IPR.VC is an investment funds management company specializing in content production in media and entertainment. The parent company IPR.VC Management Oy was founded in 2014 and the first fund was launched in 2015. Currently IPR.VC manages three funds, the most recent having commenced in 2023.	 The invested assets under management amount currently to EUR 189 million, with capital from pension funds, family offices and non-profit sector investors.

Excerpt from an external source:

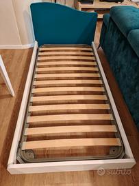 letto 1 piazza, 100x200 con testa in legno color petrolio, possibilità di rialzare coi 4 piedini petrolio compresi. ottime finiture del legno e ottima qualità delle doghe. usato ma in ottime condizioni
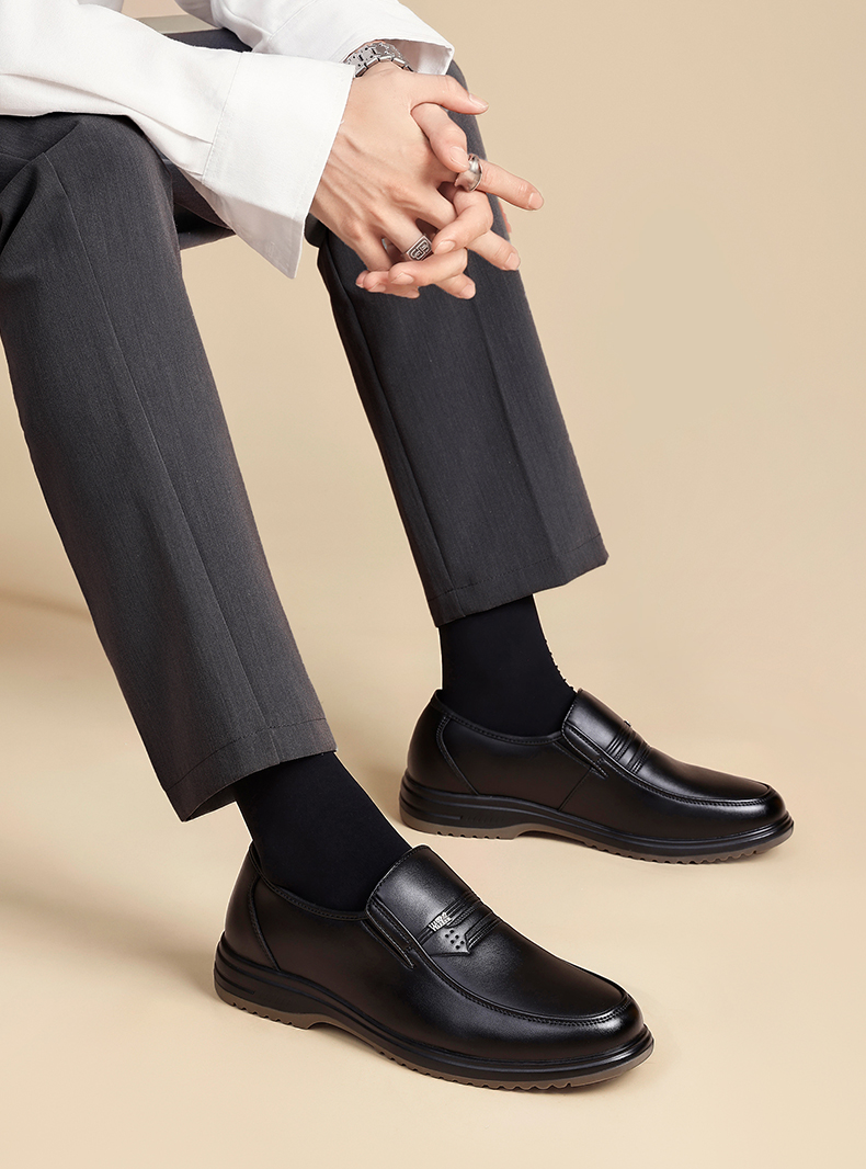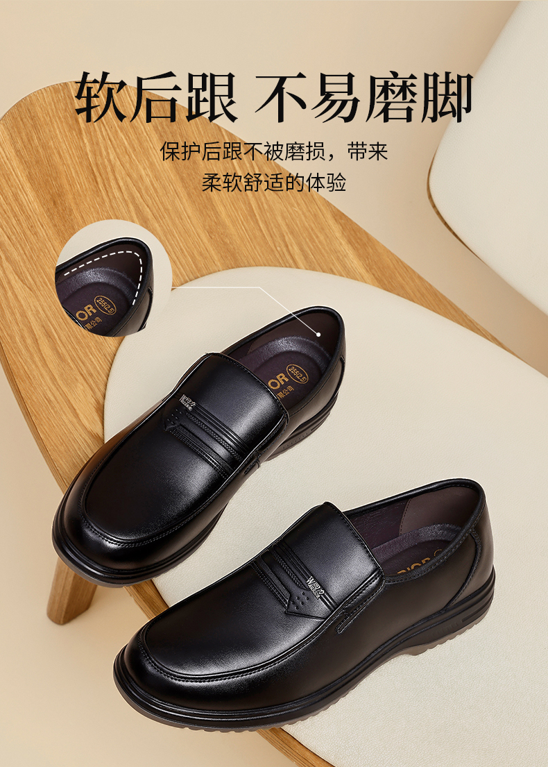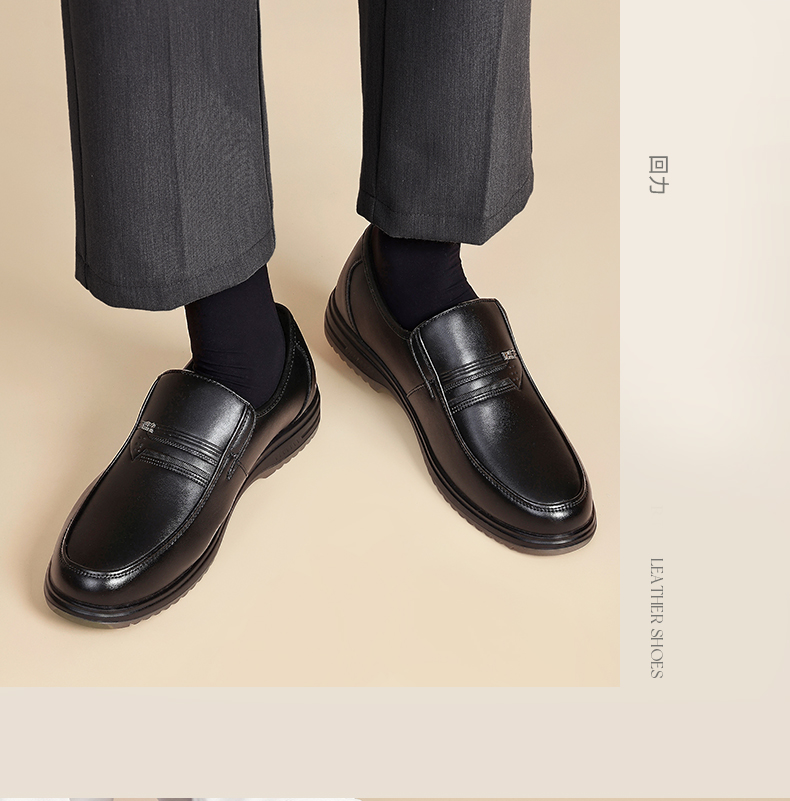 回力皮鞋男款中老年喜爸爸鞋爷爷一脚蹬男鞋上班休闲男士皮鞋子秋

IPR.VC is currently one of Europe’s largest content-focused private investment funds.

In 2025 The European Investment Fund (EIF), part of the European Investment Bank (EIB) Group, invested EUR 25 million to IPR.VC Fund III which currently exceeds EUR 100 million for the production of film and TV.

IPR.VC has partnered with international production, sales and distribution companies, such as A24 and XYZ Films. Among productions they have financed are Bordertown (2016-2020), Causeway (2022), Run Rabbit Run (2023), Beau Is Afraid (2023), BlackBerry (2023), Civil War (2024), Materialists (2025), Eddington (2025), Mile End Kicks (2025), Marty Supreme (2025), Mother Mary (2026) and Gentle Monster (2026).

IPR.VC is established in Finland and is regulated along EU investment management legislation by the Finnish Financial Supervisory Authority. It has offices in Helsinki and London.